The second database producer was EMBL-EBI, we discovered 97 databases in its list including ArrayExpress, ASD, ASTD, ATD, BioModels, BioSamples, Cellular Phenotype Db, ChEBI, ChEMBL, CluSTr, CSA, DGVa, DNAtraffic, DrugPort, e!Ensembl S. cerevisiae, e!EnsemblBacteria, e!EnsemblCat, e!EnsemblChicken, e!EnsemblChimpanzee, e!EnsemblCow, e!EnsemblDog, e!EnsemblFugu, e!EnsemblFungi, e!EnsemblGenomes, e!EnsemblGorilla, e!EnsemblHorse, e!EnsemblMetazoa, e!EnsemblMouse, e!EnsemblPig, e!EnsemblPlants, e!EnsemblProtists, e!EnsemblRabbit, e!EnsemblZebrafish, EGA, EMBL, EMBL-EBI, EMDB, ENA, Ensembl, Enzyme Portal, Enzyme Structures, EVA, Expression Atlas, FunTree, GeneDB, GWAS Catalog, HGNC, HipSci, IGSR, IMEx, IMGT/HLA, IntAct, IntEnz, InterPro, IPD, IPD-ESTDAB, IPD-HPA, IPD-KIR, IPD-MHC, logRECOORD, MACiE, MEROPS, MetaboLights, Metal MACiE, MicroCosm, MIRIAM collection, MTBLS, NRNL1, NRNL2, NRPL1, NRPL2, OLDERADO, PANDIT, PDBe, PDBe EM Resources, PDBeChem, PDBsum, Pfam, Pfam, PhenoDigm, PICR, PRIDE, PROCOGNATE, Reactome, RECOORD, Rfam, RNAcentral, SAS, SRS@EMBL-EBI, SureChEMBL, TreeFam, UniChem, UniProt-GOA, UniSave, VASCO, and VectorBase.
The third largest was NCBI with databases including Assembly, BioProject, BioSample, BioSystems, Bookshelf, CCDS, CDD, ClinGen, ClinVar, Clone DB, COGs, dbEST, dbGaP, dbMHC, dbProbe, dbSNP, dbSTS, dbVar, Dengue virus database, ECRbase, Genbank, Gene, Genetic Codes, Genome, GEO, GEO DataSets, GEO Profiles, GSS, GTR, Histone, HIV-1, Homologene, IBIS, Influenza Virus Resource, MapViewer, MedGen, MEDLINE, MeSH, MMDB, NCBI, NCBI taxonomy, NCBI Trace Archives, NLM Catalog, Nucleotide, OMIM, Organelle genomes, PMC, PopSet, Probe, Protein, Protein Clusters, PubChem, PubChem BioAssay, PubChem Compound, PubChem Substance, PubMed, PubMed Health, RefSeq, RefSeqGene, Retroviruses, SKY/M-FISH and CGH, SPARCLE, SpliceInfo, SRA, Structure, TPA, UniGene, UniVec, Viral genomes, and Virus Variation.
The NCBI list of databases was smaller, but its microbial fraction was larger than that in EMBL-EBI. One more structure in the Life Science databases made interconnection communities (Figure 3).
Using our new metabase we introduced two integration parameters:
  • The connection number—CN—the number of database partners found in each microbial Life Science database,
  • The attraction number—AN—The number of microbial databases indicating this database to be a partner.
To calculate these parameters, we drew the “Interconnection matrix” (Figure 4), where the columns show databases with microbial data, and the lines list all the Life Science databases collected.
The cell in line I, colon J, has a value of one if the microbial database J has a database I in the list of its partners; otherwise, it has value zero.
The CN is the last bottom line of the matrix, AN is the right column.

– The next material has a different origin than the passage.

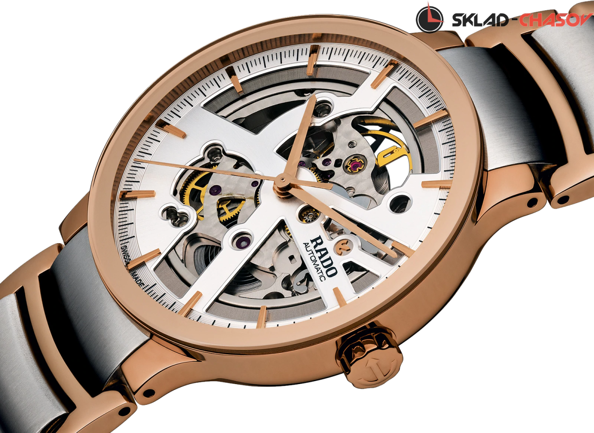 Мужская модель, индикация часов, минут и секунд центральными стрелками, скелетонированный циферблат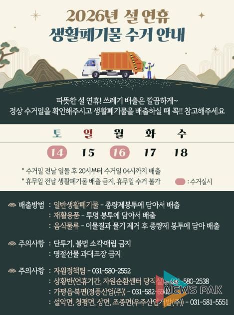 뉴스팍 배상미 기자 | 가평군은 설 명절을 맞아 군민과 방문객 모두가 쾌적한 환경에서 청결한 연휴를 보낼 수 있도록 생활폐기물 처리 대책을 마련했다.

Top line—acronyms of microbial databases; left column—acronyms of all Life Science databases.
One of the most integrated databases—UniProtKB (produced by SIB) has the following parameters: CN = 161 and AN = 501; PubMed (NCBI, NIH) has: CN = 7 and AN = 565. The integration level in the microbial culture collections is mostly zero.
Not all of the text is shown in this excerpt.